VRG allows Kubernetes resources to be captured (backed up) and restored as part of disaster recovery. This is achieved through the RamenDR recipe. If a RamenDR recipe specification is not included in VRG, Kubernetes resources are not protected as part of VRG disaster protection.
The RamenDR has two workflows, namely capture and recover. The capture order workflow provides instructions on how to capture a namespace Kubernetes resource. The recover workflow provides instructions on how to recover a namespaces Kubernetes resource after a disaster. This indicates that the order of capture and recovery workflow can be different and need not include the same resources. Each capture and recover workflow contains a list of resource instructions. Each item in the list is acted upon, even if it duplicates the work that is done by other items in the list. So care must be taken to avoid duplication in backup or recover lists so that best RPO and RTO are achieved.
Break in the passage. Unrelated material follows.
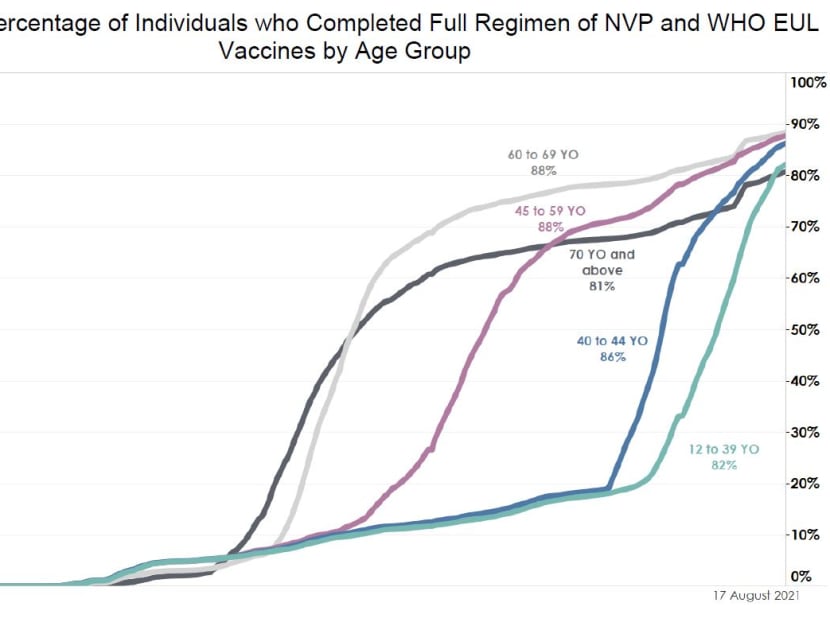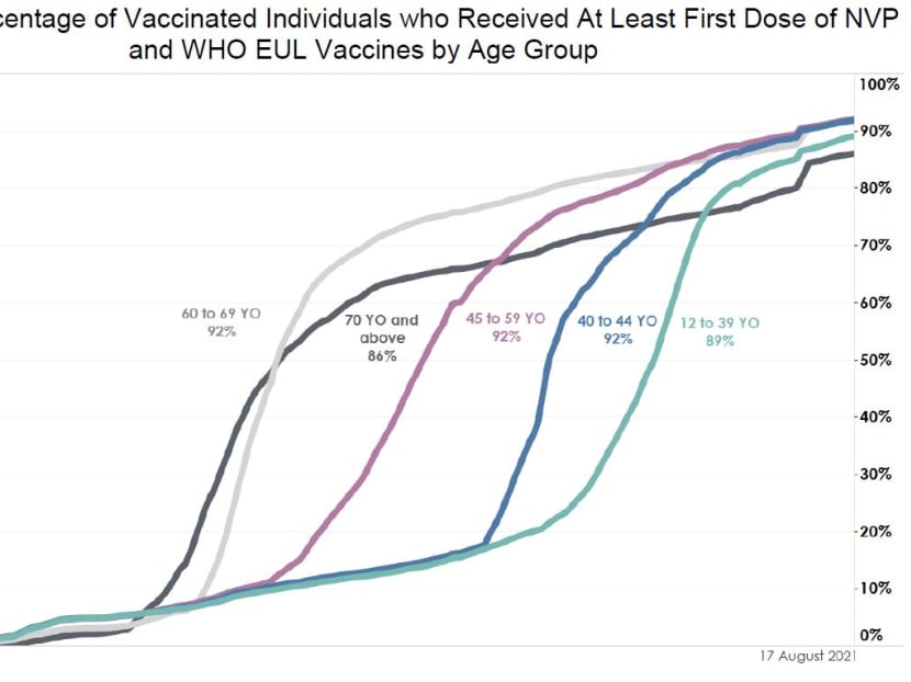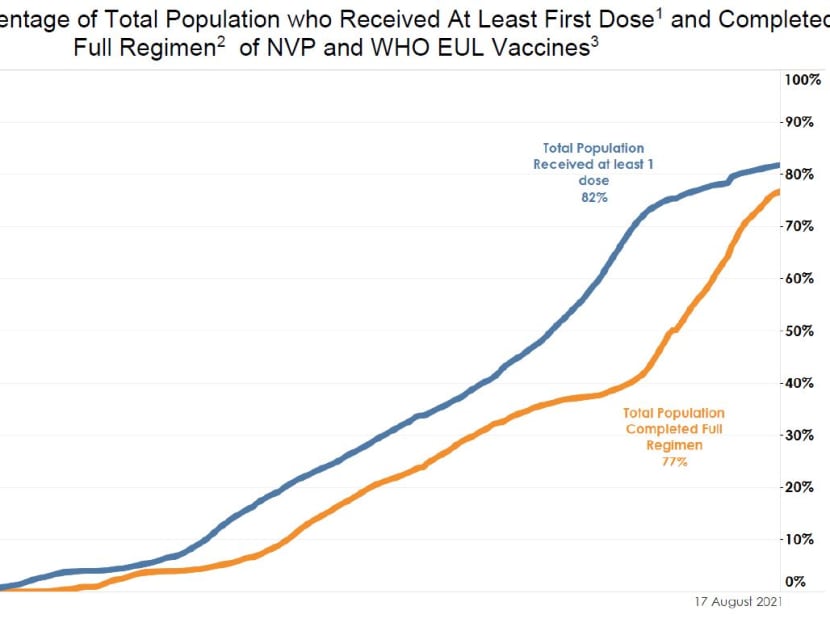 As of Aug 17, 77 per cent of the population had completed their full regimen or received two doses of Covid-19 vaccines, and 82 per cent had received at least one dose.

- The name of each item in the captureOrder list must be unique.
- The backupName of each item in the recoverOrder list much matches a name in the recoverOrder list.
- A labelSelector in a list item only applies to that item in the list.
- If a list item contains multiple labelSelectors, then any resource that matches either label selector is operated upon.
- IncludeClusterResources in a list item apply only to that item in the list.
- Each list item can contain either an includedResources section or an excludedResources section, but not both.